Фото 41. Национальная библиотека  Республики Беларусь

 

Фото 42. Минск Арена

Фото 43. Разнообразие архитектуры красота нашего Минска

  Вспоминая ужасы Второй мировой войны, и число погибших на фронтах и мирного населения,  становится страшно. Человеческий мозг, а тем более детский не в силах представить себе эти цифры.  Только славянского населения погибло 15-20 миллионов, евреев – 5-6 миллионов, цыган – 150-200 тысяч. Это чудовищно большие  цифры погибших. 15 000 000  – это более чем в полтора раза больше жителей Белоруссии. Что бы  ощутить и представить себе эти большие числа, попробуйте просчитать вслух от единицы до 15 000 000.    Для непрерывного счета этого числа потребуется    времени не менее  одного  года.

Те, чье счастливое детство зачеркнула война, лишила их и беззаботной юности, они все мгновенно повзрослели, сполна хватили горе и страха, голода и холода.   Детство это такие года в малом  возрасте, когда их с удовольствием вспоминаешь в зрелом и старческом возрасте, и с   большим желанием хочется   снова туда  возвратиться.  Когда-то слышал песню про детство, и в ней  были такие слова «Детство мое  не спеши,  подожди,  погоди, погоди уходить навсегда».

Наше пройденное детство это сплошной кошмар и ад, и, ностальгии и желание туда возвращаться нет, нет и еще раз нет.

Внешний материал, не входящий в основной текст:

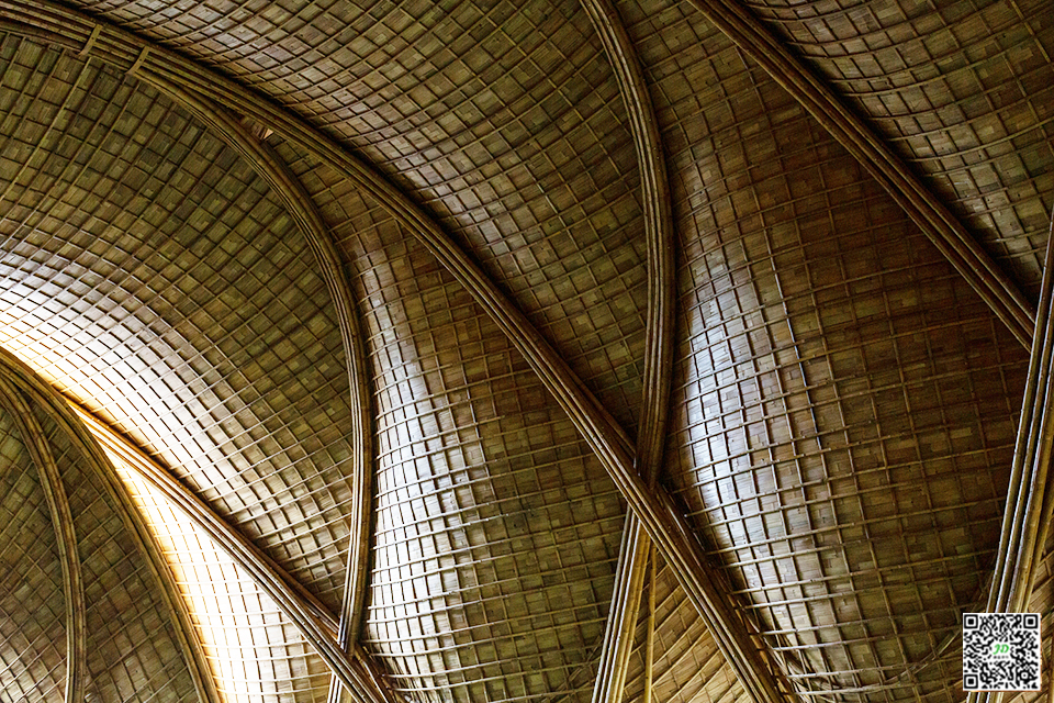 The project, a precursor of its kind, spans 19 meters and is made up of a series of interwoven 14 meter high bamboo arches connected by a saddle-faced grid that allows the arches to “escape” gravity from the hyperbolic paraboloid.

         Не смотря на то, что для детей и подростков времен    Великой Отечественной войны жизнь состояла из массы горя и бед, переборов себя, большинство из них вышли победителями. Они нашли свою любовь, создали семьи, вырастили детей, внуков и даже правнуков. Не смотря на то, что для детей и подростков времен    Великой Отечественной войны жизнь состояла из массы горя и бед, переборов себя, большинство из них вышли победителями.  Многие  стали хорошими специалистами своего дела, учеными, врачами, крупными военоначальниками.  Мне приятно вспомнить и  отметить, что в младших классах я  учился с таким известными сегодня ученым, как академик  национальной академии наук Беларуси, Солдатов  Владимир Сергеевич, доктор  юридических наук, профессором  Бровка Юрием Петровичем (сын известного белорусского писателя, который неоднократно выступал у нас перед школьниками) и многими другими. Я горжусь тем, что я учился в одной школе и в одно и то же время с будущий известным физиком,  лауреатом  Нобелевской  премии  за 2000 год, Жоресом Ивановичем Алферовым. Жорес  Иванович закончил  42–ю минскую мужскую школу  в 1947 году с золотой медалью.

Жизнь в условиях постоянного недостатка жизненно важных продуктов, вещей, бытовой техники привили нам, детям войны, привычку бережного отношения ко всему и вся. Все вещи в процессе носки изнашиваются  и рвутся. Из-за трудности приобретения, а для многих и финансового недостатка, эта одежка подвергалась починке и даже не один раз. Точно такое положение было с домашней утварью и бытовой техникой. Даже такие кухонные принадлежности как  кастрюли и ведра, не  говоря уже о сложной бытовой технике, при неисправности  подвергались ремонту. Так, например, продырявленные кастрюли и ведра запаивались и далее использовались. Привычка относиться к вещам с особой жалостью, которая родилась в тяжелые годы, многих  сопровождает всю жизнь. Следует отметить, что это не  жадность, а жалость и бережное отношение  к вещам. Всматриваясь в отношение современной молодежи  к вещам и всевозможной техники, вижу как  многие   пренебрегают  починкой одежды, не подвергают ремонту несколько устаревшей модели техники, а   заменяют  новыми. Не отражается и не переносится ли такое безжалостное и небережливое  отношение к вещам и технике на семейные взаимоотношения. Многие современные молодые семьи не занимаются семейным «ремонтом», и при первой же  семейной «неисправности» меняют свое семейное положение. По статистическим данным В Республике Беларусь на сегодняшний день, молодые семьи не прожив и  трех лет,  почти 50% разводятся.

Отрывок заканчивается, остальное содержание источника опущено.